On 17 June 2020, the project sponsor, SSE Renewables, made a final investment decision to proceed with the Viking Wind Farm investment, conditional on certain industry code modifications, and "the outcome of the consultation on Ofgem's minded-to position to approve the transmission link, expected in July 2020". According to Shetland News, this meant that both the wind farm and the HVDC Connection "are likely to go ahead".

Construction works started in September 2020 and the farm is due to be operational by 2024. All 103 turbines were installed by August 2023. In May 2024, transmission work stopped due to a peat slide.

The first power was generated in June 2024, and August 2024 the wind farm was completed and on line, along with the Shetland HVDC Connection.

==Design==
Turbines were scheduled to be erected in Kergord, North Nesting, and South Nesting.
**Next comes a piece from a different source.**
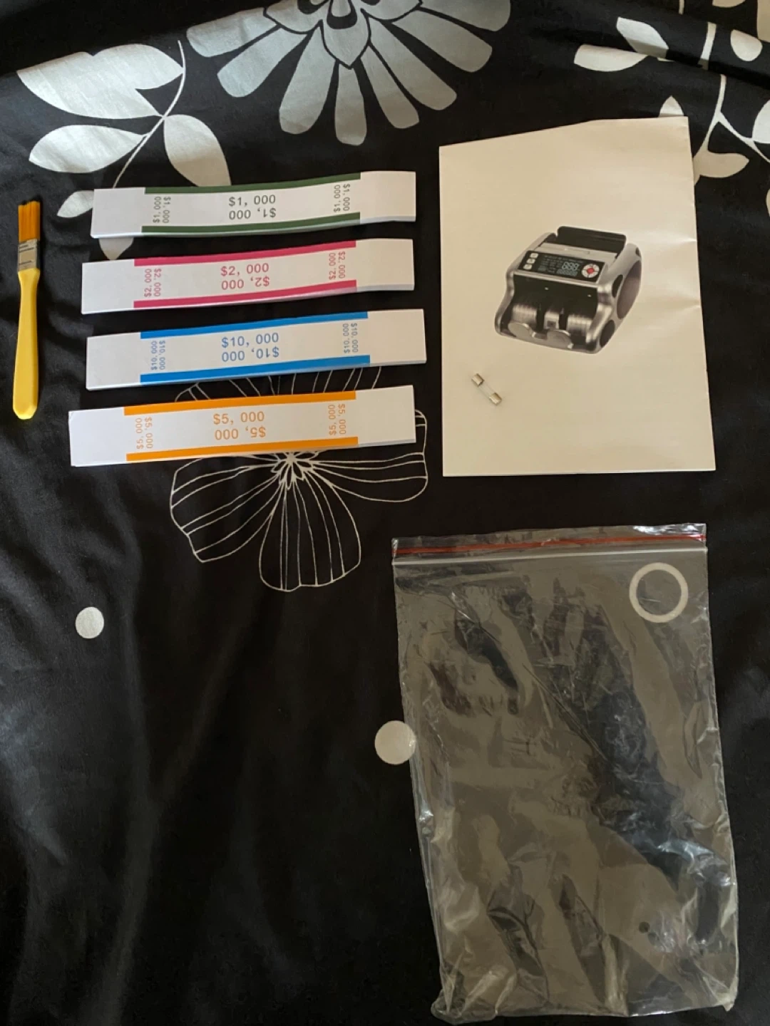 This is a bill counting machine. It's silver and comes with a brush and several stacks of play money in different denominations. It's great for practicing counting large sums or for use in games. Comes with the machine, brush, and fake money bills.
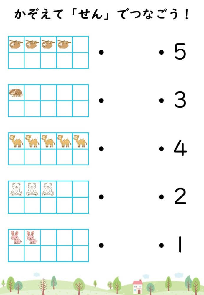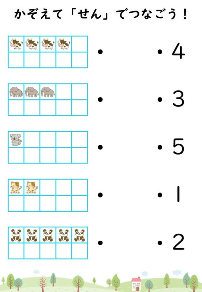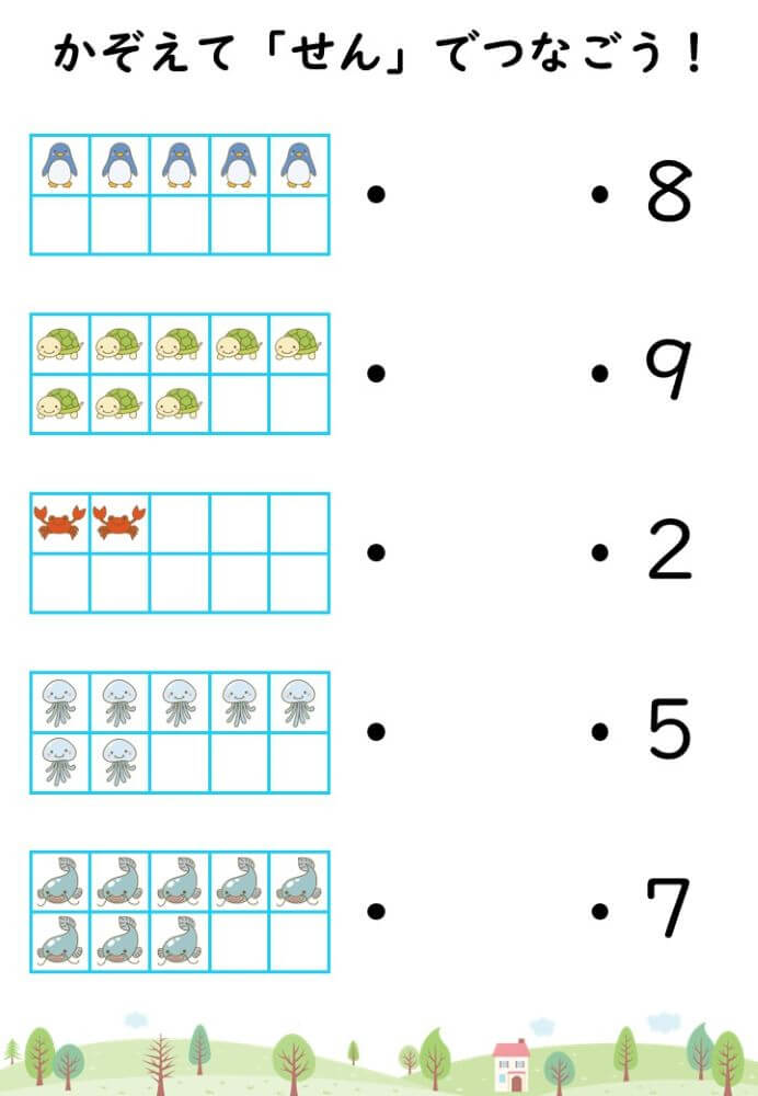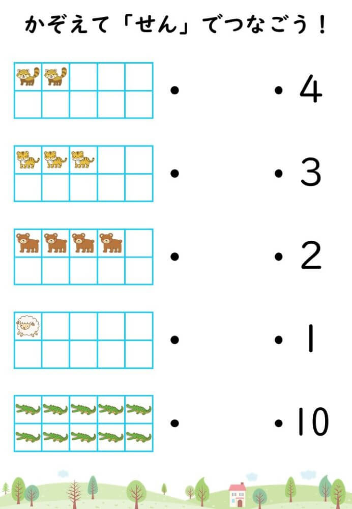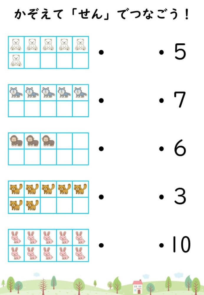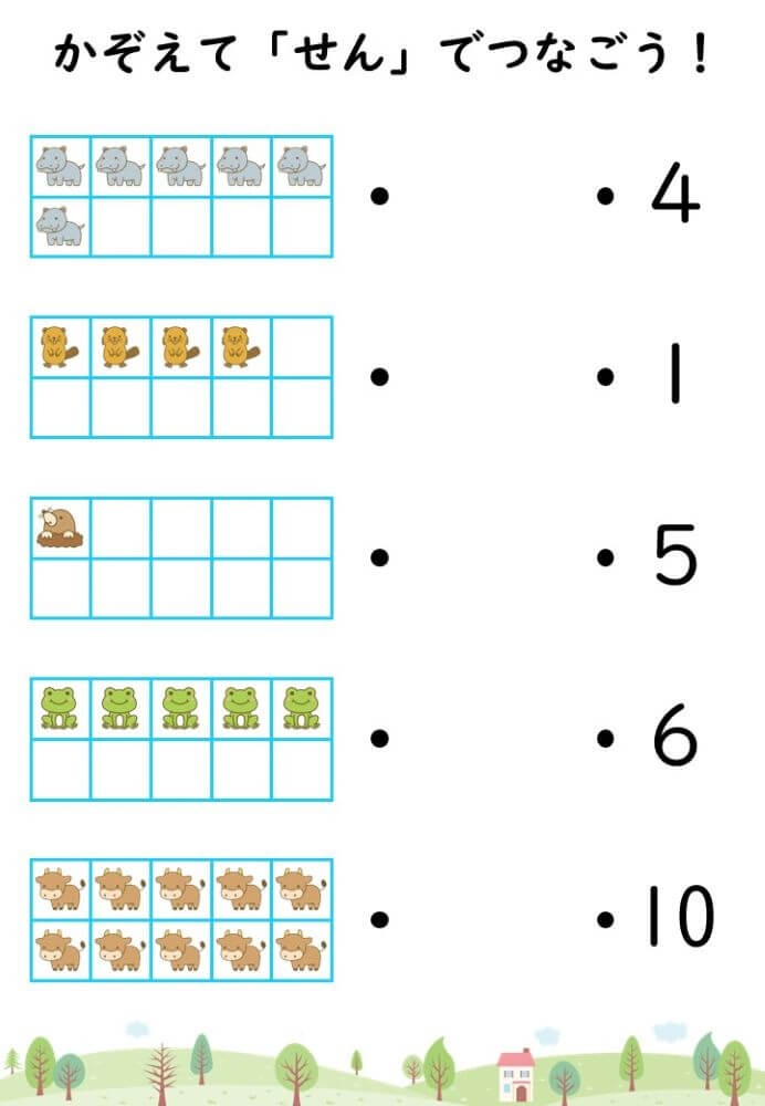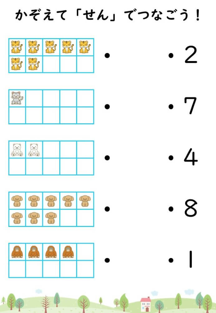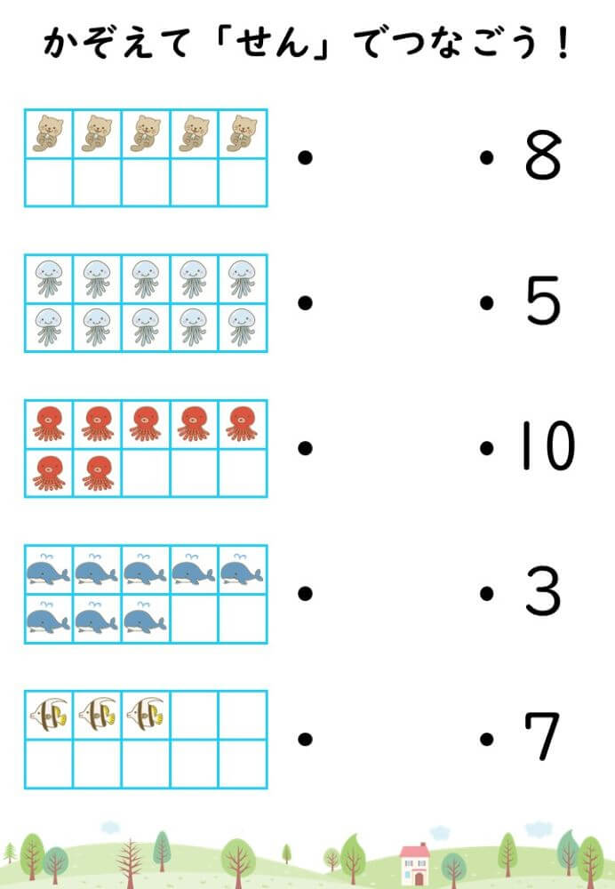 イラストを見て数え、対応する数字へ線を引くことで、「量」と「数字(記号)」の関係を自然に理解できる構成になっています。

Original proposals included 24 turbines in the Delting area (refused 2012 consent.) and 23 turbines in the Collafirth area (removed from application.)

Estimated construction time for the 127 turbine farm was five years. The wind farm was expected to have a high utilisation rate, as smaller wind turbines on the island had attained a high capacity factor.

==Objections==
Initially proposed as a 150 turbine 600 MW project in 2009, the scheme had significant opposition, on grounds including effects on wildlife, and the general environment; part of the wind farm was also removed because of a potential interference with equipment at Scatsta Airport.

==Controversies==

===Constraint payments controversy===

According to the Renewable Energy Foundation (REF), despite not yet being fully operational, the Viking Energy windfarm has been paid over £2.5m of “constraint payments” in August 2024, for discarding more than 60% of the electricity that the wind farm operators claim they could have generated, given the prevailing wind condition.
Constraint payments are made by the Electricity System Operator (ESO) to windfarms to switch off the supply of electricity during times when the amount of electricity being generated exceeds the capacity of the network to transfer it to consumers.
This amount of these constraint payments is almost as much as the Viking Energy windfarm will pay out for a full year of community benefits. Ultimately it is the consumers who will pay for these “constraint payments”.